En solidaridad con Ricardo Calderón
y todos los periodistas que insisten
en aportar verdades a una sociedad que las precisa…
“Obras con escaso corazón y excesivo intelecto no irradian bendiciones”
“La mentira puede correr cien años, pero la verdad la alcanza en un día”
En
1985 se publicó en Colombia el libro "La guerra por la paz", la
compilación de artículos del periodista Enrique Santos Calderón
publicados en el diario El Tiempo entre 1982 y 1984, analizando semana a
semana la itinerancia imprevisible del proceso de paz iniciado con la
administración de Belisario Betancourt. Esta serie extraordinaria de
textos que pulsaban el acontecer de la época tiene una formidable
potencia esclarecedora al leerla con la perspectiva que brindan los
treinta años transcurridos desde su redacción y complementarla con las
revelaciones que nos han permitido un mejor entendimiento de lo
sucedido.
El prologo de Gabriel García Márquez “¿A quién le cree
el Presidente?” puede ser revisado junto a otro escrito premonitorio de
Gabo escrito en ese mismo tiempo: “En qué país morimos”. En esos años
Solzhenitsin había señalado que la violencia sólo puede ser ocultada por
la mentira y la mentira sólo puede mantenerse por la violencia. La
mirada serena hacia ese abrazo mortal que constituye nuestro pasado
reciente, íntimamente unido a nuestros días e inmediato porvenir, puede
elevar la comprensión sobre las circunstancias que enfrentamos como
colectividad brutalmente golpeada por una confrontación armada que ha
cumplido cincuenta años, atrapada en la violencia social que se incuba
en la miseria material y espiritual, y sometida a un proceso
inmisericorde de confusión dirigido a velar la verdad sobre la dinámica
que engendró y sostiene a los más altos promotores del exterminio , la
guerra, y la perpetuación de la miseria disfrazada de progreso y
crecimiento.
¿Cómo se ha podido doblegar, hasta ahora, el anhelo
profundo y común de una nación conmocionada por los espantos de la
guerra? Otto Morales Benítez renunció a la presidencia de la Comisión de
Paz en una carta dirigida a Betancourt el 25 de mayo de 1983, cuando
aún no se había cumplido un año del ejercicio presidencial que se
inauguró clamando por no derramar ni una gota de sangre más sobre el
suelo patrio. En esa misiva Morales Benítez señaló:
“Sé
que aún le falta a su gobierno una tarea muy exigente. La más
apremiante, es rechazar el escepticismo, y a veces el pesimismo
beligerante, que se apodera de todos. Y combatir contra los enemigos de
la paz y de la rehabilitación, que están agazapados por fuera y por
dentro del gobierno. Esas fuerzas reaccionarias en otras épocas
lucharon, como hoy, con sutilezas contra la paz, y lograron torpedearla.

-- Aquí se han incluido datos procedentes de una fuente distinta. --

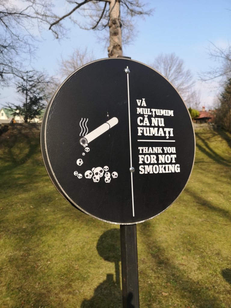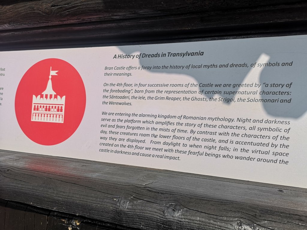 We walked around the castle rooms for a short while before exploring the grounds. Here I got to admire the creative signage Dracula has featured to get some important messages across!
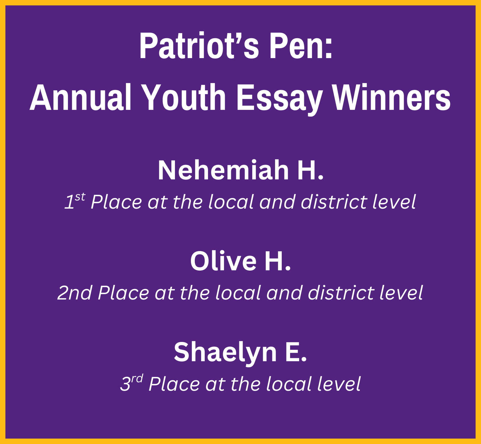 Congratulations to Nehemiah H. (1st place), Olive H. (2nd place), and Shaelyn E. (3rd place.). Nehemiah and Olive also placed first and second at the district level and will continue on to regionals.
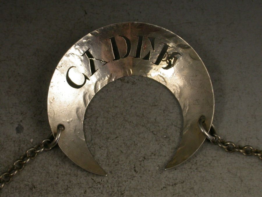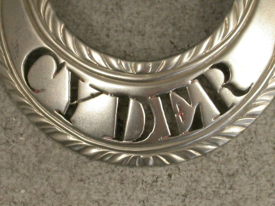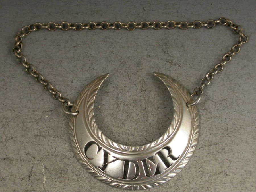 A rare early George III silver Wine Label of crescent form with feather edge border, pierced for Cyder.
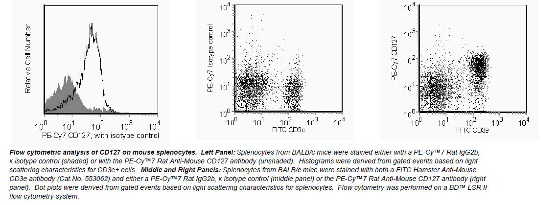 The SB/199 monoclonal antibody specifically binds to mouse CD127, the 65-75 kDa type-I transmembrane protein IL-7Rα. The high affinity
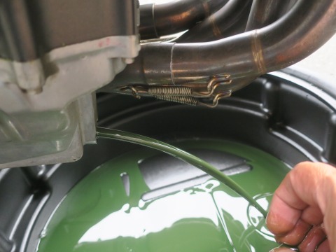 15:26 ここまで オイル抜きます。 前回のオイル交換は2020年の6月。 ここまでの走行は、筑波サーキットが、 17周+17周+17周+16周+17周+17周+18周 → 119周 エビスサーキットが 18周+35周+14周+19周+16周+14周+7周 → 123周 合計で約2kmのコースを 242周して 約 484km、まあ500Km走りました。 オイルの色はこんな感じ。 透明度は無くなって、陸軍の迷彩色みたいな色。 って言ったら良いのかな。 |
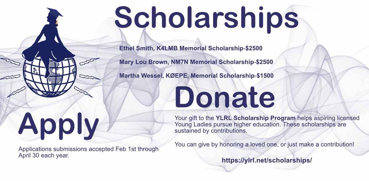 - The Ethel Smith, K4LMB, Memorial Scholarship which awards $2,500.
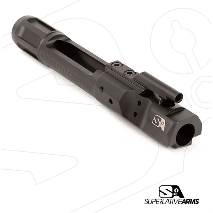 Superlative Arms bolt carrier er kompatibel med alle AR-15 bolter, og dette settet gir sluttbrukeren friheten til å velge sin egen bolt for å matche ønsket patron. Bolt carrier er laget av 8620 stål med en krombelagt bore (i henhold til mil spesifikasjoner) med forbedret maskinering og en overlegen DLC-belagt finish; som gir bedre smøring, mindre friksjon og enklere rengjøring.
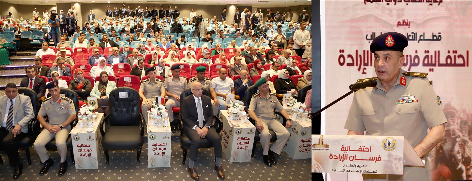 وألقى اللواء محـمد صبحى مهنا مدير إدارة التجنيد والتعبئة كلمة أشار خلالها إلى حرص القيادة العامة للقوات المسلحة على توفير كل سبل الدعم والتيسير على أبناء الوطن وإتباع أنسب الأساليب للمعاملة المجتمعية الراقية التى تليق بهم مما يسهم فى تعميق علاقة ترابطهم بقواتهم المسلحة.
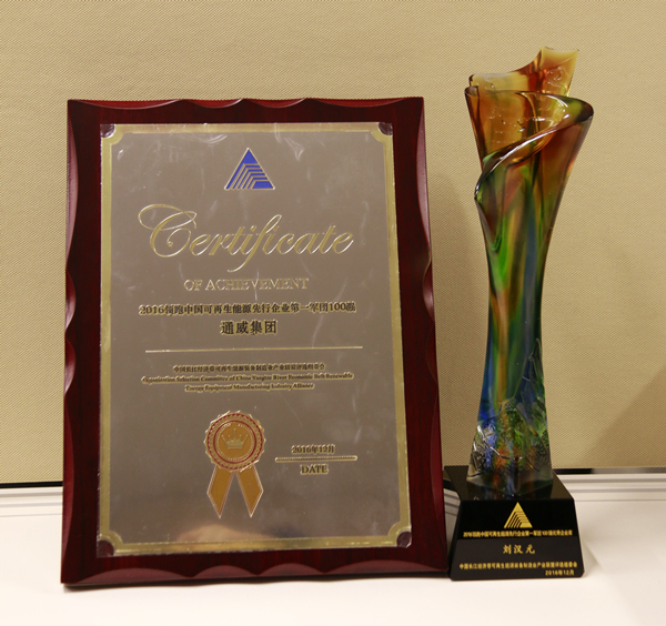 12月12日, “2016領(lǐng)跑中國(guó)可再生能源先行企業(yè)第一軍團(tuán)100強(qiáng)及優(yōu)秀企業(yè)家”頒獎(jiǎng)典禮在南京隆重舉行。盛典期間,通威集團(tuán)憑借雄厚的實(shí)力榮膺“2016領(lǐng)跑中國(guó)可再生能源先行企業(yè)第一軍團(tuán)100強(qiáng)”,十一屆全國(guó)政協(xié)常委、通威集團(tuán)董事局劉漢元主席榮獲“2016領(lǐng)跑中國(guó)可再生能源先行企業(yè)第一軍團(tuán)100強(qiáng)優(yōu)秀企業(yè)家”。
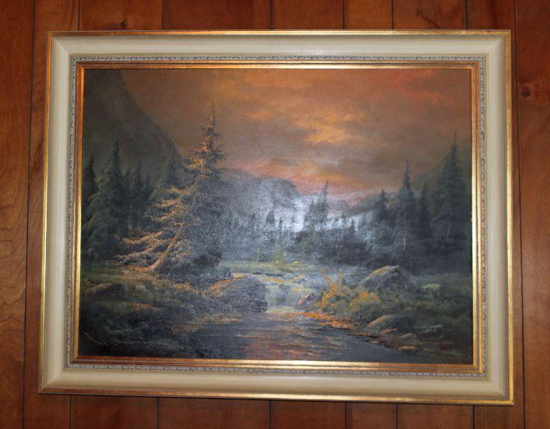 Probably European Mountain Scene oil on canvas 37" x 29"
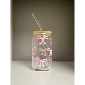 Pink Bow Glass Can with Bamboo Lid and Glass Straw 16oz Summer, Gift Ideas, Keepsakes
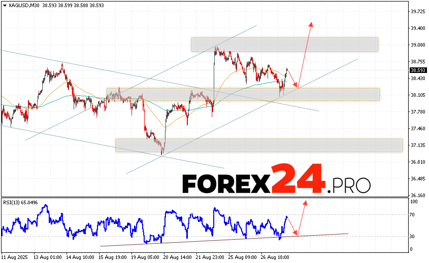 An additional signal in favor of the growth of quotes and prices for Silver XAG/USD will be a test of the support line on the relative strength indicator (RSI). The second signal in favor of a fall will be a rebound from the upper border of the descending channel. Cancellation of the option of growth in prices for Silver on August 28, 2025 will be a fall and a breakout of 37.85. This will indicate a breakout of the support area and a continuation of the fall to the area below the level of 35.65. Expect the acceleration of growth of XAG/USD quotes with a breakout of the support area and consolidation of the price below the level of 39.05.
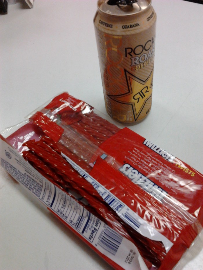 Day One: I got busy on a report for work and ended up eating Twizzlers and a Rock Star energy drink, mocha flavor. I still haven’t stopped twitching.

Por ello nunca hemos salido de ese ambiente de zozobra colectiva.”
En
la columna publicada el 5 de junio de 1983, Enrique Santos se refirió a
la renuncia de Otto Morales y a los enemigos agazapados de la paz a los
que había hecho alusión:
“ …no se requiere mayor
imaginación para identificarlos. Basta repasar los últimos editoriales y
discursos del ministro de defensa o releer las declaraciones de los
generales Lema o Matamoros, o recordar la célebre reunión que, cuando se
comenzó a debatir el proyecto de amnistía, convocaron los altos mandos
con directores de medios informativos para expresar su profunda
inconformidad y escepticismo frente a dicha ley”.
Enrique
Santos identificaba una parte de esos “enemigos agazapados de la paz”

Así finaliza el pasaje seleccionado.